When you own a home, your fiscal responsibility goes deeper than just making monthly mortgage payments to the bank. Real estate taxes and homeowners insurance are required, too. 

These four components add up to your “PITI” — your total monthly payment as a homeowner: 

  • (P) Principal — The amount of your loan balance repaid each month
  • (I) Interest — The interest your mortgage lender collects on the loan 
  • (T) Taxes — Property taxes required by the government
  • (I) Insurance — Homeowners insurance and, if required, private mortgage insurance 

Finding your PITI is important for a number of reasons. It gives you a realistic budget for homeownership. 

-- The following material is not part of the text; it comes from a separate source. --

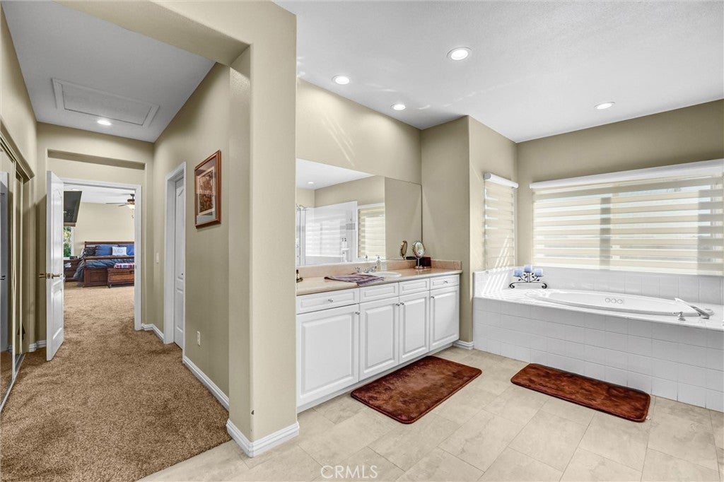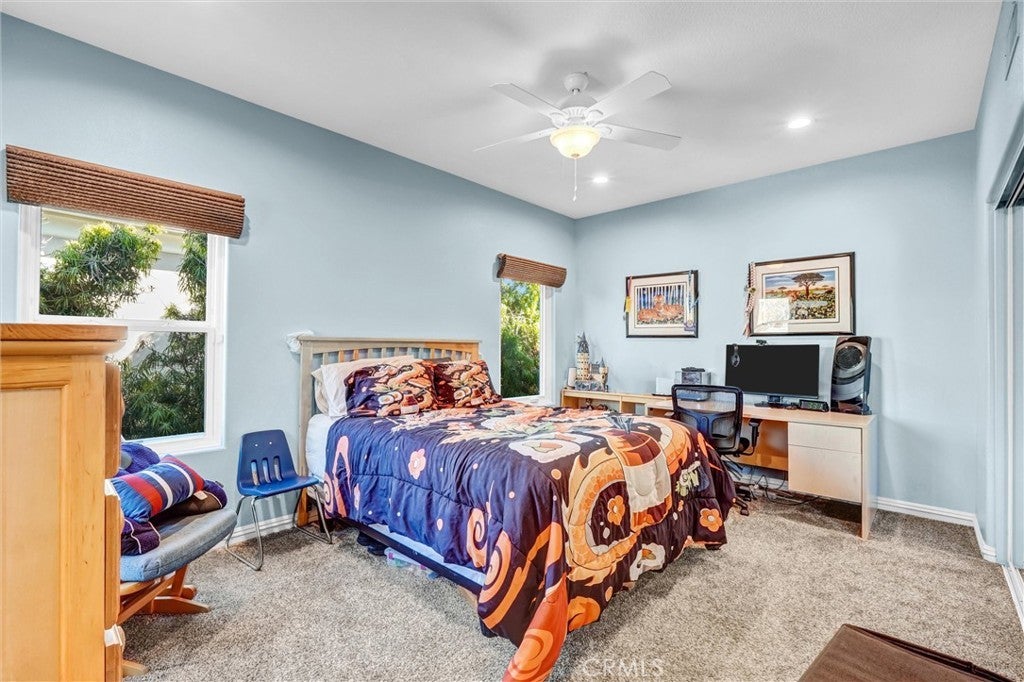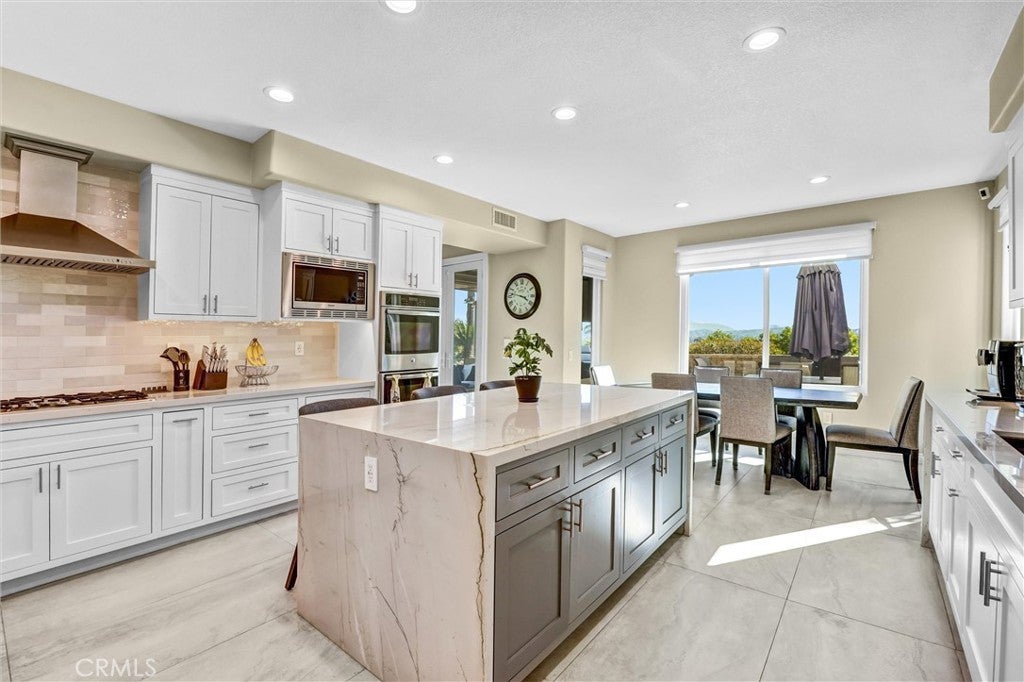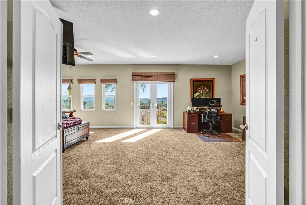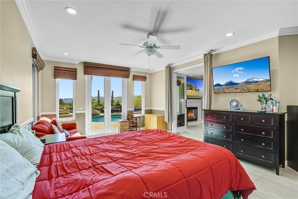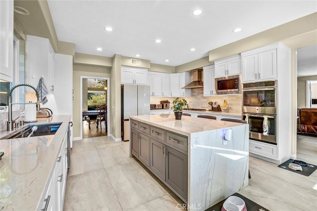 Perched in the highly desirable Monte Vista neighborhood, this impressive six bedroom, five bathroom home offers generous living space, stunning views, and exceptional upgrades throughout. A grand entry welcomes you with soaring ceilings and a dramatic staircase, setting the tone for the spacious and warm light filled interior. Step down into the elegant formal living room anchored with a custom fireplace and adjacent dining room featuring beautiful French doors. Additional living space is found in the expansive family room filled with natural light showcasing the breathtaking 180-degree valley and mountain views, along with custom shelving, recessed lightning and a cozy fireplace perfect for cool evenings. The newly remodeled kitchen is designed for both everyday living and entertainment, featuring a large center island, GE stainless steel appliances, and beautiful stone countertops. Crisp and clean white custom cabinets are abundant as well as vast counter space for large family meals or an active cook. Energy efficient dual-pane doors and windows with automated blinds provide comfort and convenience throughout the home while showcasing the beautiful lush foliage that surrounds the property. The flexible "Plan 5" floor plan includes two bedrooms a full bathroom plus powder room on the main level, ideal for guests or multi-generational living. A sixth bedroom can easily serve as a playroom, office, home gym or den. Upstairs, the grand primary suite offers a private balcony with stunning views, dual closets, and a spa-inspired bathroom complete with a soaking tub, separate shower, and dual vanities. Three additional generously sized guest bedrooms complete the upper level. The backyard is an entertainer’s dream featuring newer pavers, resurfaced heated pool, cascading spa, built-in BBQ, and large built-in fire pit situated to take in the Valleys beautiful sunsets. You will want to show off your incredible views to family and friends or quietly relax in the shade under the custom gazebo. Additional highlights include fully paid solar, two EV charging stations in the garage, and a comprehensive Ring security system with cameras and alarm surrounding the home inside and out as well as controls for the exterior landscape lighting. This exceptional property showcases pride of ownership with high end finishes that combine space, comfort, and modern amenities in the most sought-after West Hills neighborhood.

And, PITI gives you an idea of how much mortgage you’ll qualify for. Therefore it’s a crucial number when you’re trying to figure out your home buying budget. 

How PITI affects your mortgage

When you get a mortgage, lenders have to verify your “ability to repay.” To make sure you’ll be able to afford your monthly mortgage payment, a lender is going to compare your projected PITI to your monthly income. 

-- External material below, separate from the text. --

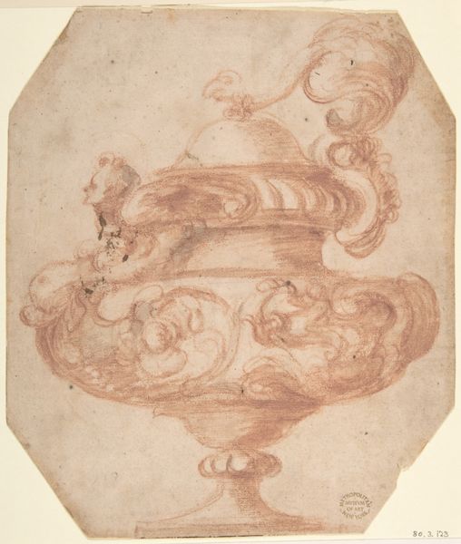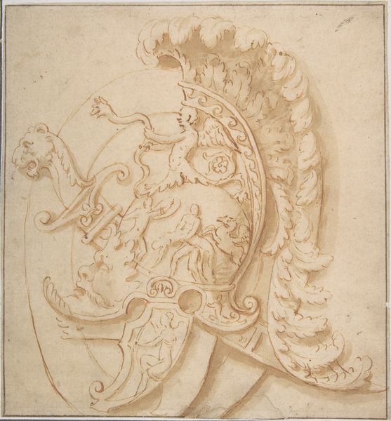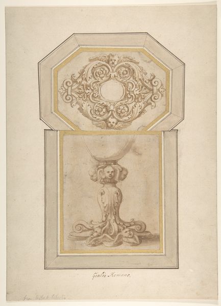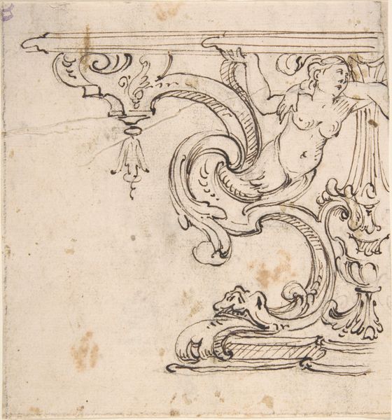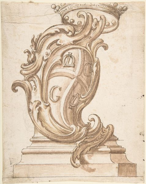 Editor: This drawing, "Design for a Cartouche with Two Putti Heads inside a Shell, Atop of an Arch," dating from sometime between 1700 and 1780, appears to be rendered in pencil, perhaps with watercolor washes. It’s really ornate and elaborate, almost excessively so! How would you interpret its purpose and meaning? Curator: Well, the Baroque period was all about that excess, wasn’t it? But beyond the aesthetic, I see this drawing as reflecting the socio-political structures of the time. The cartouche, traditionally used to frame inscriptions of power and lineage, here is dominated by cherubic figures nestled within a shell, and placed above a Roman Arch—a reference to historical military triumphalism. What does that tell us about the function of art and architecture for elites in the 18th century? Editor: It sounds like the ruling class wanted to visually assert authority and divinity. But is it really that simple? Curator: Exactly! These seemingly innocent cherubs are not merely decorative; they represent the perpetuation of dynastic power under the guise of religious or divine mandate. Consider also, that at this time many churches held great influence. How might this combination of secular triumphalism and sacred symbolism function to maintain societal hierarchies and suppress dissent? Editor: I guess it’s a reminder that art can be used to subtly reinforce ideologies. I hadn't really thought about the religious angle. It’s quite unnerving! Curator: Precisely! By exploring these complex historical and social layers, we start to uncover the ways in which artistic expression operates as an active participant in shaping cultural norms and reinforcing systems of control. Ultimately it makes us more conscious of the subtle rhetoric of visual culture today. Editor: It definitely reframes how I'll look at other works from this period. I see now how the visual and political landscapes are interconnected. Curator: And that's the beauty of art history.

You’ll only be approved for a mortgage if your PITI, combined with your existing monthly debts, takes up less than 43% of your gross income (or 50% in special cases). 

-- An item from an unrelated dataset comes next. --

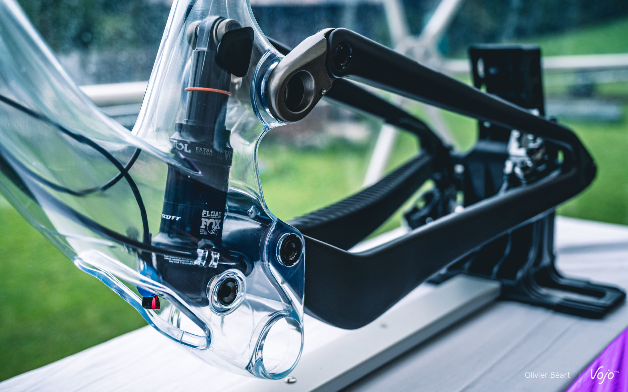 Lors de cette réflexion, Scott a examiné les brevets existants dans ce domaine et s’est rapproché de la petite marque suisse Bold, qui a mis au point un procédé d’intégration de l’amortisseur dans le cadre depuis quelques années déjà. Et le « match » s’est fait très rapidement ! Bold cherchait un partenaire industriel de grande taille pour poursuivre son développement et Scott trouvait avec Bold une excellente manière (brevetée) d’intégrer l’amortisseur dans le cadre. Pour la petite histoire, Bold fait désormais partie intégrante du groupe Scott. Et pas question de juste prendre les beaux morceaux puis de laisser la marque dépérir ! Les responsables du groupe nous ont annoncé de nouveaux développements importants pour Bold qui est destiné à devenir la marque ultra premium du groupe afin de proposer des produits encore plus originaux et exclusifs, destinés à aller chasser sur le terrain de marques mythiques comme Intense ou Yeti. Fin de la parenthèse.

>> Related: Debt-to-income ratios explained

That’s why it’s important to consider the costs of your mortgage when you’re estimating how much house you can afford. 

If you only look at principal and interest, and leave out taxes and insurance, you’ll come up with a significantly higher loan amount than you actually qualify for. Take a look at one example: 

  Principal & Interest ONLY Principal, Interest, Taxes, and Insurance (PITI) 
Current Monthly Debts $250 $250
Annual Income  $70,000 $70,000
Estimated Mortgage Payment  $1,850 $1,850
Estimated Home Buying Budget $523,070 $418,270

In the example above, ignoring taxes and insurance adds over $100,000 to your home buying budget. 

It would be a sore disappointment to start house hunting based on those numbers, only to find out after speaking with a lender that your budget is $100,000 short of what you’d estimated. 

You can get a better estimate by using a mortgage calculator that includes principal, interest, taxes, and insurance — the entire PITI package.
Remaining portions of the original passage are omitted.